WebCT 等市販の LMS ツールにもレポート回収の機能はあるが、レポート回収のためにこれらを導入するのは間違いである。理由は利用者がそれに適さないからである。

設計時点で、このシステムは大学初の大規模に利用される教育支援ツールであった。これを使ってくれる教員利用者がどれだけいるかは全く未知数であり、むしろまずこれから増やす段階にあった。WebCT 等市販の LMS は市場での競争のためにいわゆる満艦飾ソフトウェアとなっており、レポート提出だけを望む教員にとって操作上の敷居が高すぎる。

大学コンソーシアム京都での調査などで、レポート提出が教育支援でのコンピュータ利用の需要、第一位であることが分かっている。
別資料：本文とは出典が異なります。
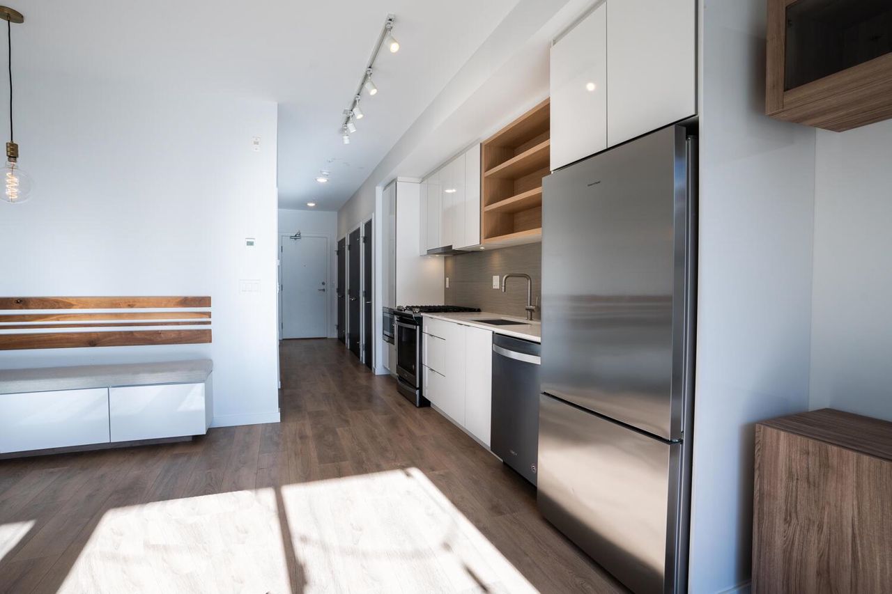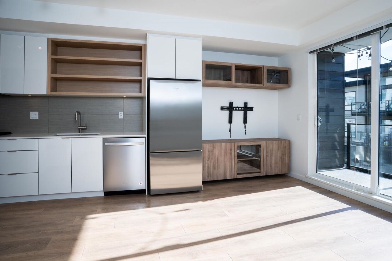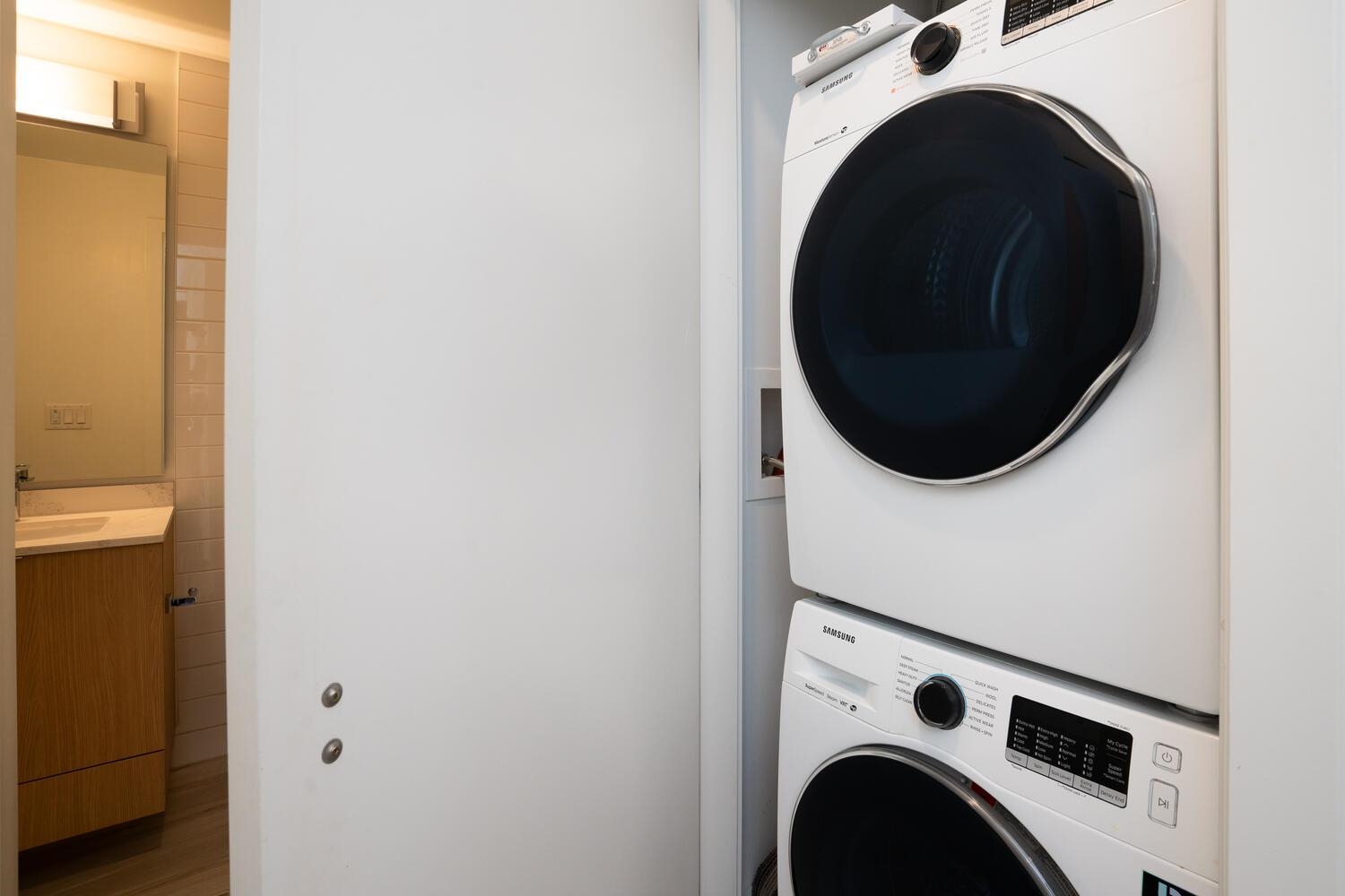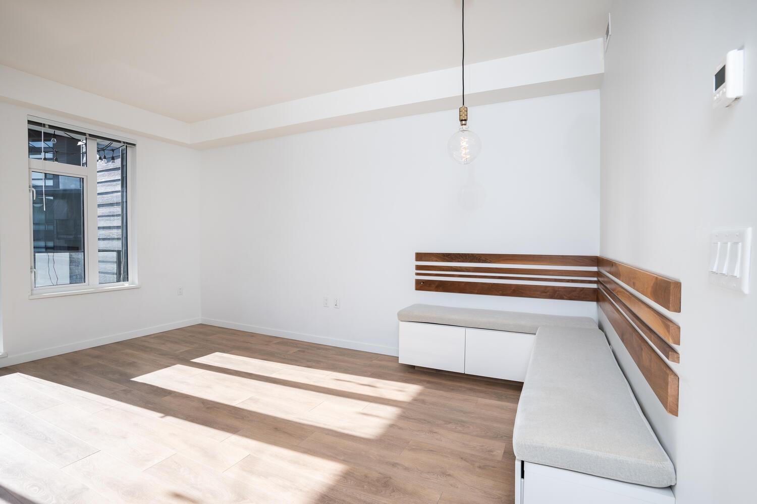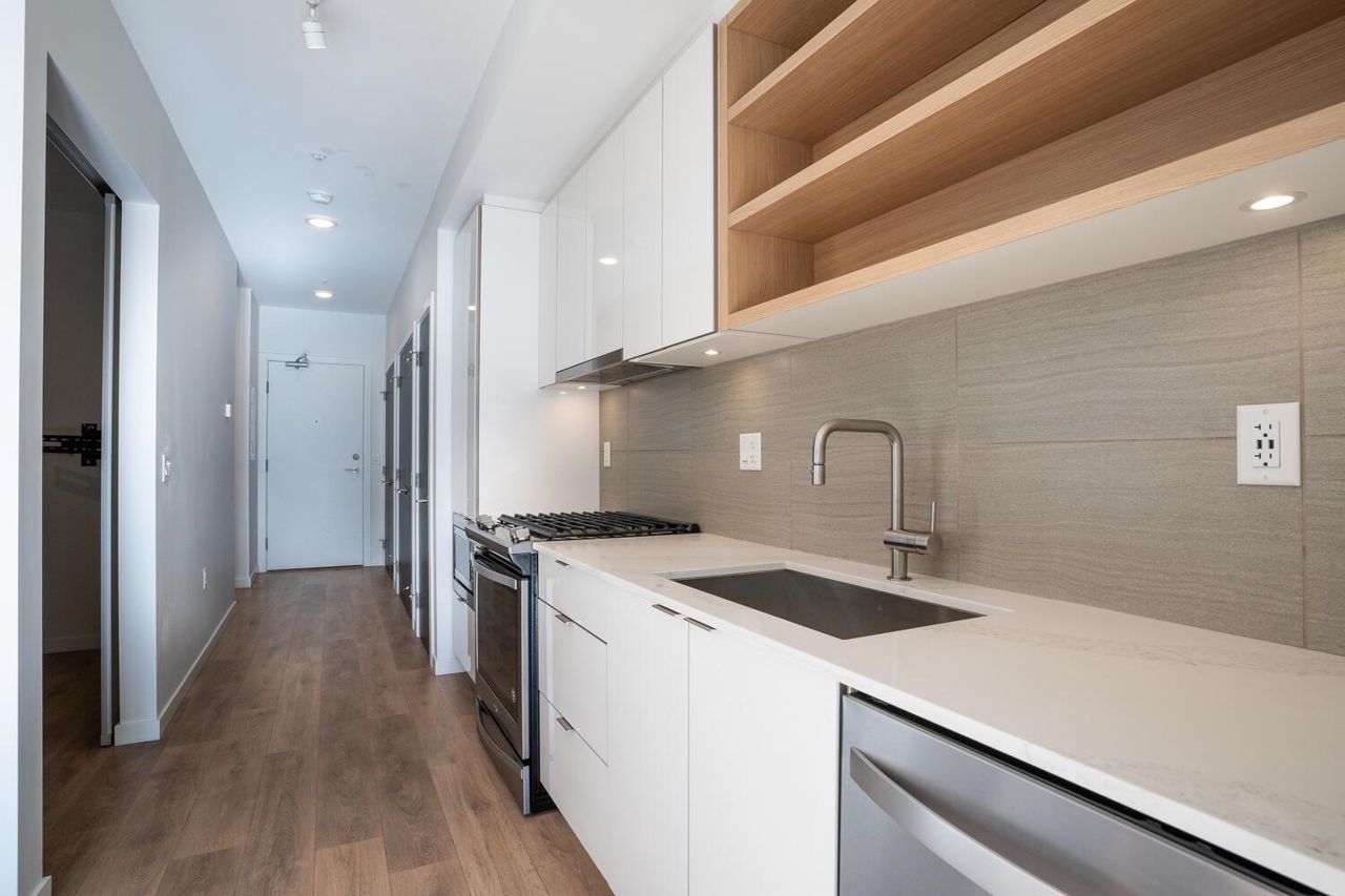 Welcome to the highly desirable Marine + Fell building by Anthem Properties. This 1 bdrm home is located on the quiet, sunny South side of the building facing the courtyard. Featuring radiant in floor heating, quartz counter tops, stainless steel appliances and a gas range for the chef. Huge bright sundeck to enjoy the afternoon sun and 9 ft ceilings make this space seem extra spacious. 2 Pets and rentals allowed, building also has EV charges and a bike room. come see your new home today!

そして第二位の掲示板等がそれより圧倒的に低い需要(利用度)であることも分かっている。つまり、大学初の教育支援システムはレポート提出であるべきで、それより遙かに利用者数が少ないと見込まれる他の機能のために敷居を高めて利用者の誘導を困難にすべきではない。

なんとなれば課題提出システムの利用開始から 4 年を経た 2006 年ですら、そのサービス停止という強制力を背景にしても満艦飾的 Moodle への移行に難色を示し、利用を諦める教員が出るくらいである。自分たちの状況をよく見て、理解しなければならない。